__The task__.
Every line from the one with "怖かったのは勝鬨橋で、かなり" through the last line below should be repeated exactly; pictures stay out of the copy.

Source data
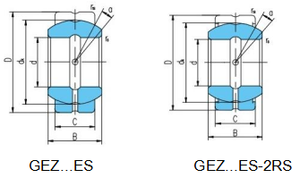 Design characteristics Inch series radial spherical plain bearing with extended inner ring and single-fractured outer ring, with cylindrical extensions at each side of inner ring,there is an axial slit on the outer ring,both  the inner and outer rings are made of carbon chromium steel,hardened and phosphated,sliding surface treated with MoS₂.Bearings of the 2RS design are fitted  with seals at both sides.
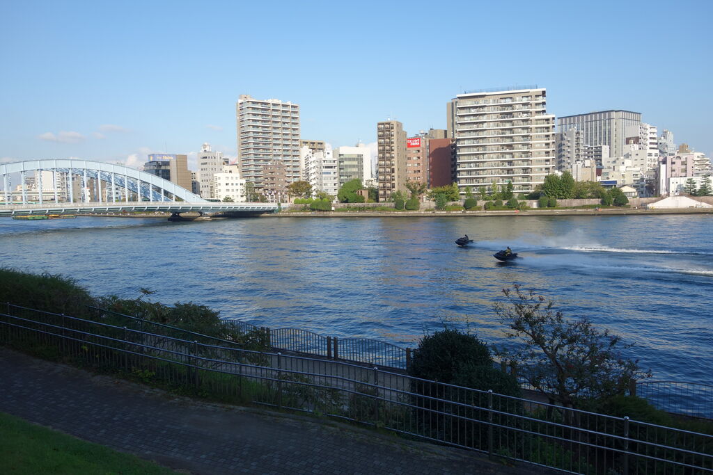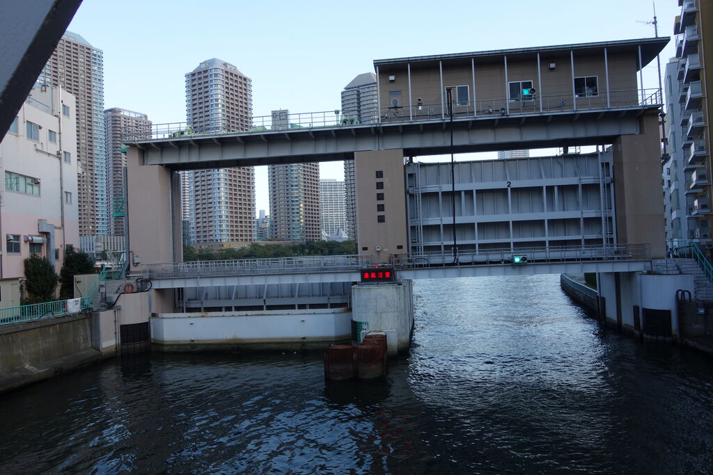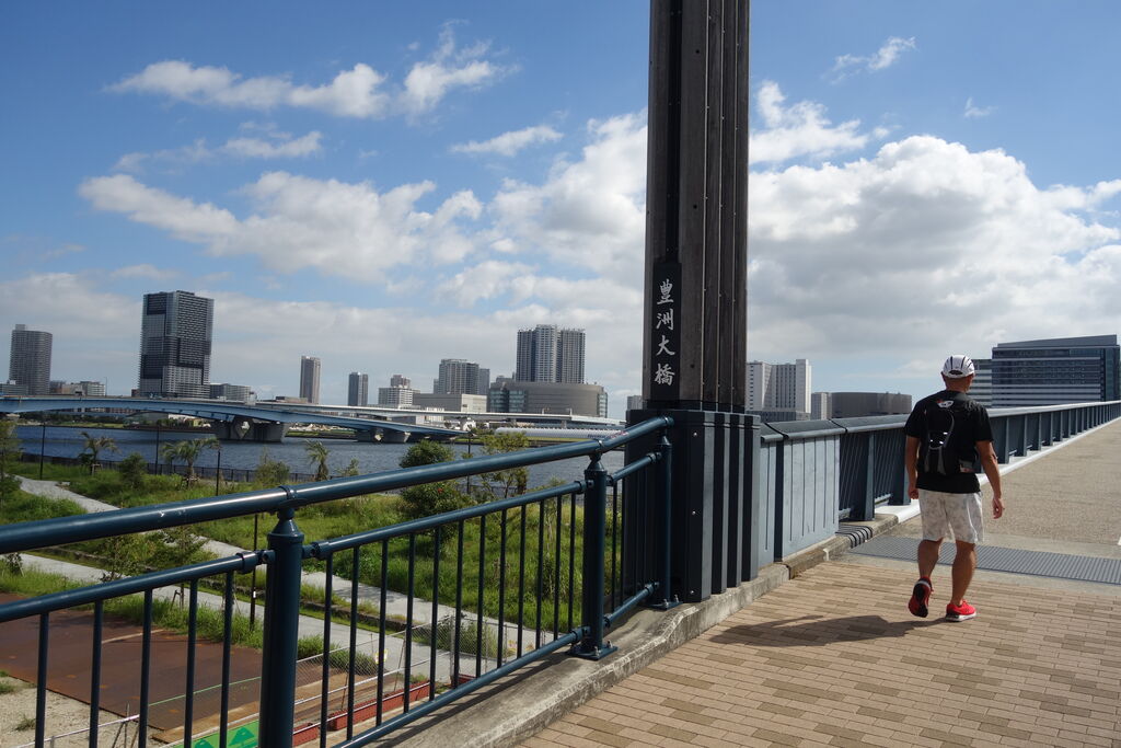 怖かったのは勝鬨橋で、かなり揺れるのと金具がガチャガチャ鳴る音、さらに昔の橋なので歩道の手摺が低く、自転車に乗ってて地震でもあったら隅田川に落っこちそうです。でも地元の人は平気なようでスイスイ走っていきます。
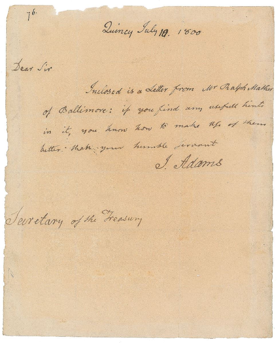 Scarce ALS as president signed “J. Adams,” one page, 8 x 10, July 10, 1800. Boldly penned letter to the “Secretary of the Treasury,” Oliver Wolcott, Jr. In full: “Inclosed is a Letter from Mr. Ralph Mather of Baltimore: it if you find any usefull hints in it, you know how to make use of them better than your humble servant.” In fine condition, with light edge chipping and a faint block of toning. The letter by Ralph Mather which Adams forwarded was presumably that of June 18, 1800, a lengthy missive in which Mather offered advice on international trade. In that letter, Mather pitched his services to the fledgling nation in the area of procurement and imports, describing the status of America’s overseas trade in language that continues to resonate in today’s politics.
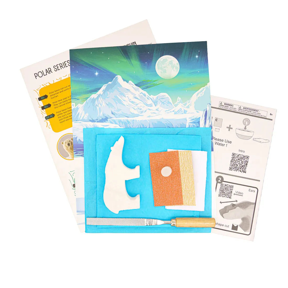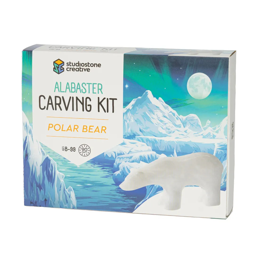Try these new Alabaster stone carving kits.  Alabaster is a semi-translucent stone from Spain and finishes a beautiful white. Use water to shape the stone with all supplies included in our premium level kit.
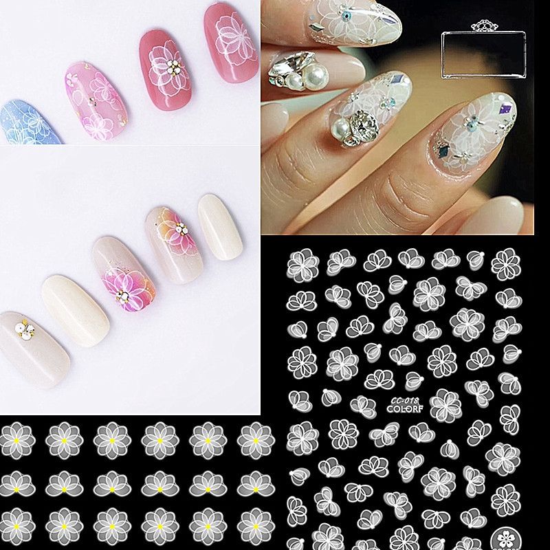 White Flowers Lace Nail Art Stickers Decorations Strips 3d Nail

__Answer to the problem__.
 怖かったのは勝鬨橋で、かなり揺れるのと金具がガチャガチャ鳴る音、さらに昔の橋なので歩道の手摺が低く、自転車に乗ってて地震でもあったら隅田川に落っこちそうです。でも地元の人は平気なようでスイスイ走っていきます。
 Scarce ALS as president signed “J. Adams,” one page, 8 x 10, July 10, 1800. Boldly penned letter to the “Secretary of the Treasury,” Oliver Wolcott, Jr. In full: “Inclosed is a Letter from Mr. Ralph Mather of Baltimore: it if you find any usefull hints in it, you know how to make use of them better than your humble servant.” In fine condition, with light edge chipping and a faint block of toning. The letter by Ralph Mather which Adams forwarded was presumably that of June 18, 1800, a lengthy missive in which Mather offered advice on international trade. In that letter, Mather pitched his services to the fledgling nation in the area of procurement and imports, describing the status of America’s overseas trade in language that continues to resonate in today’s politics.
Try these new Alabaster stone carving kits.  Alabaster is a semi-translucent stone from Spain and finishes a beautiful white. Use water to shape the stone with all supplies included in our premium level kit.
 White Flowers Lace Nail Art Stickers Decorations Strips 3d Nail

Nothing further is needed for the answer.